According to the current study, 44.1% of study participants practiced HWT at least once during 2 weeks before the data collection. Even though the current finding showed that 44.7% and 50.9% of drinking water sources in the region were contaminated with Escherichia coli and enterococci respectively 35 the level of household water treatment practice was found to be 44.1%. This finding is consistent with the study done Northwest Ethiopia (44.8%), 5 Nigeria (45%) 36 whereas it was lower than studies revealed from Zambia (72.6%), Peru 70.9%, 37 and a study in Western Pacific region (66.8%). 27 But it was higher than the findings from Ethiopian demographic health survey 2016 which is 7%, 34 Southern Ethiopia Gibe district revealed 34.3%, 26 northern Ethiopia Degadamot district 14%, 38 and in developing countries 33.3%. 39 It was also higher than studies revealed from outside Ethiopia such as in Biye community, Kaduna State of Nigeria 32.4%, in Eastern Mediterranean region 13.6%, 27 and in African region 18.2%. 37 The possible explanations for this difference might be related with households’ perception difference across different contexts. The discrepancy from these reports might be explained that the report included all regional states with different socio-demographic, socioeconomic background, related to sample size, study design, and study period variations.

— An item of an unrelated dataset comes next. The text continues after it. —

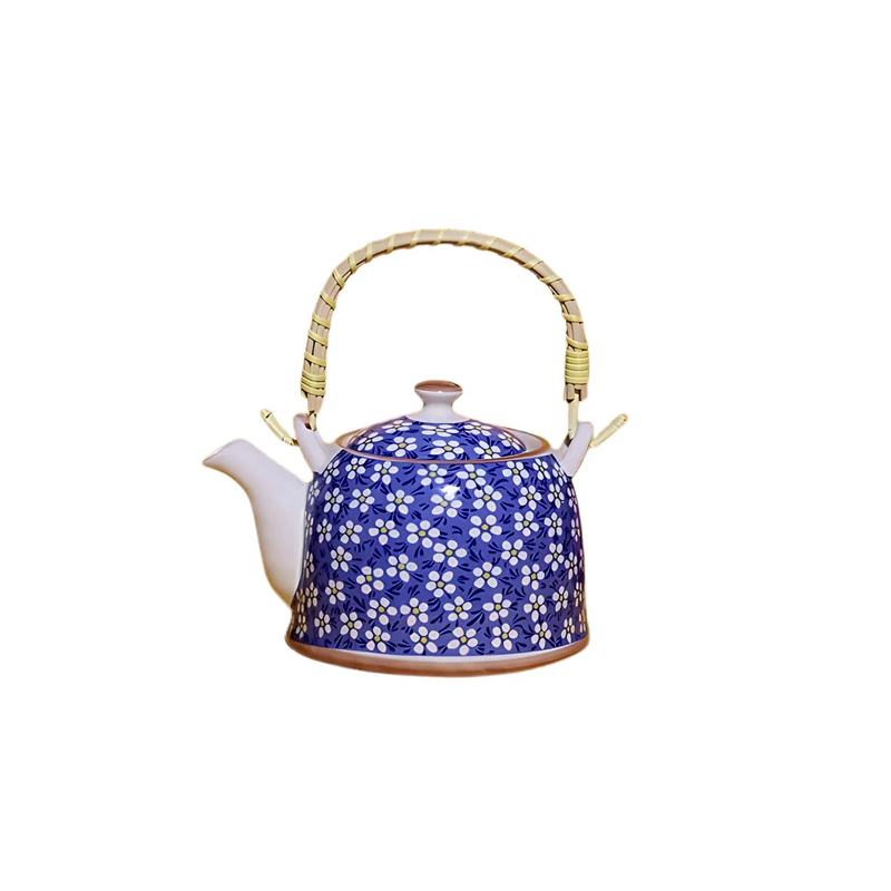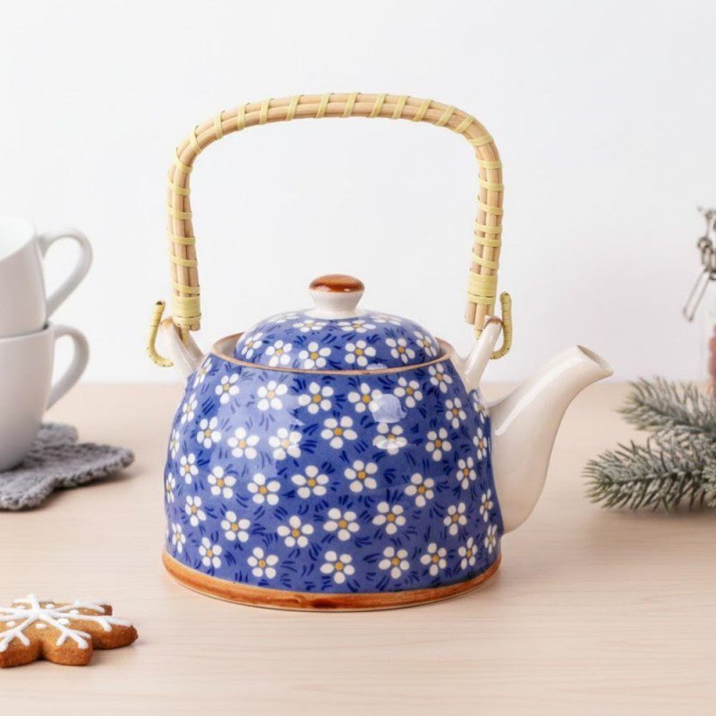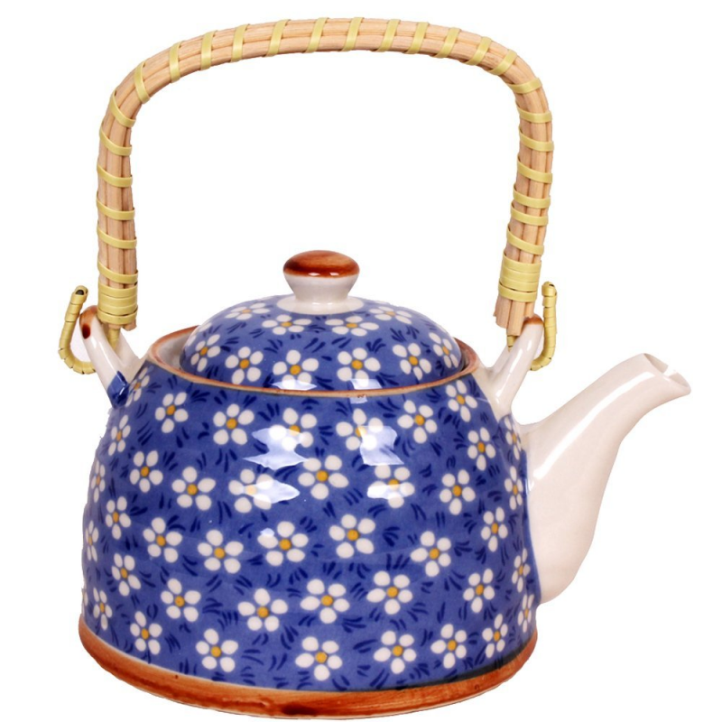 ✅ ابريق شاي بورسلان مع مصفاة لون أزرق مورد أبيض

Households with higher income were 1.5 times more likely to practice HWT than those with low income. This finding is in line with the finding of Maria Elena Figueroa and D. Lawrence Kincaid.40,41 This study was confirmed with the evidence revealed from Mexico groups the lowest family income households compared together the highest income households distribution shows that water consumption is favorable to a larger extent to the households with the highest income. 42 This was also consistent a study revealed in China 43 and Nigeria. 36

Respondents with higher age were 1.69 times more likely to practice HWT than household heads of lower age. A similar finding was reported by Maria Elena Figueroa. 40 The possible explanation for this finding might also be that older age participants may have understood through exposure the need for household water treatment to reduce diarrheal disease, and their educational level 38 may also encourage practice.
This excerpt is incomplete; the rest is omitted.